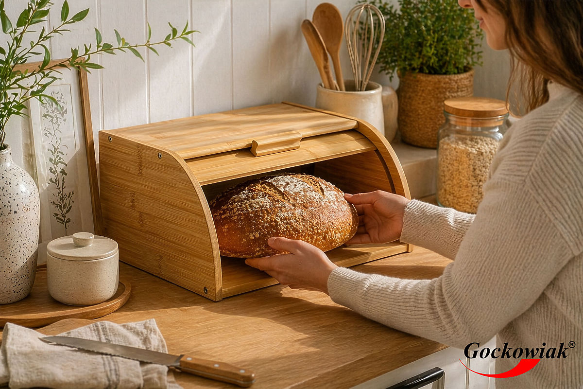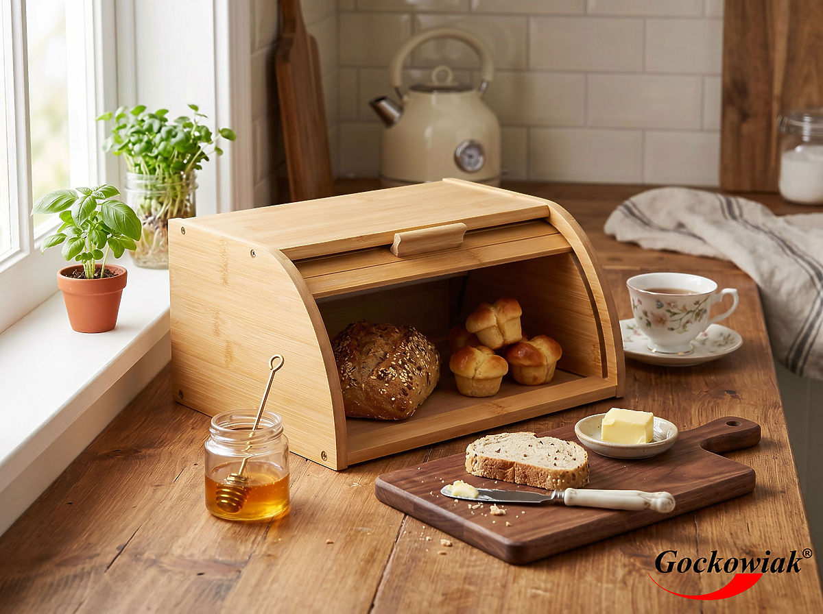 Bamboo Bread Box GRANO Model: GRANO | Material: Bamboo | Color: Natural ⭐️Made from bamboo ⭐️Sliding doors ⭐️Natural color ⭐️Universal design ⭐️Purchase from the manufacturer ✍️Specifications: Material: bamboo Closure: sliding Weight: 1.5 kg ✍️ Dimensions: Width: 35 cm Depth: 25 cm Height: 16 cm Additional Information The colors shown are approximate - they may differ from actual colors due to different monitor settings and photo editing processes. Actual dimensions may vary from those listed above. Error tolerance may be +/- 5%. Brand: Gockowiak EAN Product Code: 5902340332726 Color: natural Height: 16 cm Width: 35 cm Depth: 22 cm
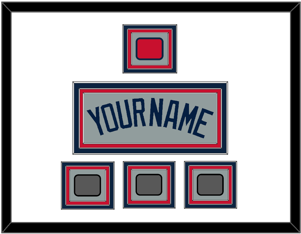 Boston Road Gray Jersey (2009 Through 2013) Name, Logo Patch From Sleeve And Three World Series Jersey Patches (2004, 2007 & 2013, Or 2007, 2013 & 2018). Triple Mat Cut: White Mat Over A Blue Mat Over A Red Mat. Blue Name & Patches Mounted On A Gray Mat. Black Frame.
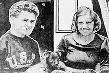 Smoky appeared early on in the construction of the Olympic Village, with some sources claiming he was born on the same day that work on the Village began on 2 January 1932.[4][5][6] He was a small black dog of uncertain ancestry, believed to be a combination of Scottish terrier, bulldog, Australian sheep dog along with other breeds. He became extremely popular with all visiting Olympic delegations.[7] He survived a couple of broken legs. He posed with athletes from all nations and was given a blanket on which were pinned meddles, pins and badges of many nations.[6] Smoky briefly went missing on 14 July, with it claimed that "noted athletes from all over the world mourn his absence".[7] However, he returned the next day.[5]
---*---
- [The problem] Retype all of the data above word for word, excluding the pictures.

- [The completed task]
 Bamboo Bread Box GRANO Model: GRANO | Material: Bamboo | Color: Natural ⭐️Made from bamboo ⭐️Sliding doors ⭐️Natural color ⭐️Universal design ⭐️Purchase from the manufacturer ✍️Specifications: Material: bamboo Closure: sliding Weight: 1.5 kg ✍️ Dimensions: Width: 35 cm Depth: 25 cm Height: 16 cm Additional Information The colors shown are approximate - they may differ from actual colors due to different monitor settings and photo editing processes. Actual dimensions may vary from those listed above. Error tolerance may be +/- 5%. Brand: Gockowiak EAN Product Code: 5902340332726 Color: natural Height: 16 cm Width: 35 cm Depth: 22 cm
 Boston Road Gray Jersey (2009 Through 2013) Name, Logo Patch From Sleeve And Three World Series Jersey Patches (2004, 2007 & 2013, Or 2007, 2013 & 2018). Triple Mat Cut: White Mat Over A Blue Mat Over A Red Mat. Blue Name & Patches Mounted On A Gray Mat. Black Frame.
 Smoky appeared early on in the construction of the Olympic Village, with some sources claiming he was born on the same day that work on the Village began on 2 January 1932.[4][5][6] He was a small black dog of uncertain ancestry, believed to be a combination of Scottish terrier, bulldog, Australian sheep dog along with other breeds. He became extremely popular with all visiting Olympic delegations.[7] He survived a couple of broken legs. He posed with athletes from all nations and was given a blanket on which were pinned meddles, pins and badges of many nations.[6] Smoky briefly went missing on 14 July, with it claimed that "noted athletes from all over the world mourn his absence".[7] However, he returned the next day.[5]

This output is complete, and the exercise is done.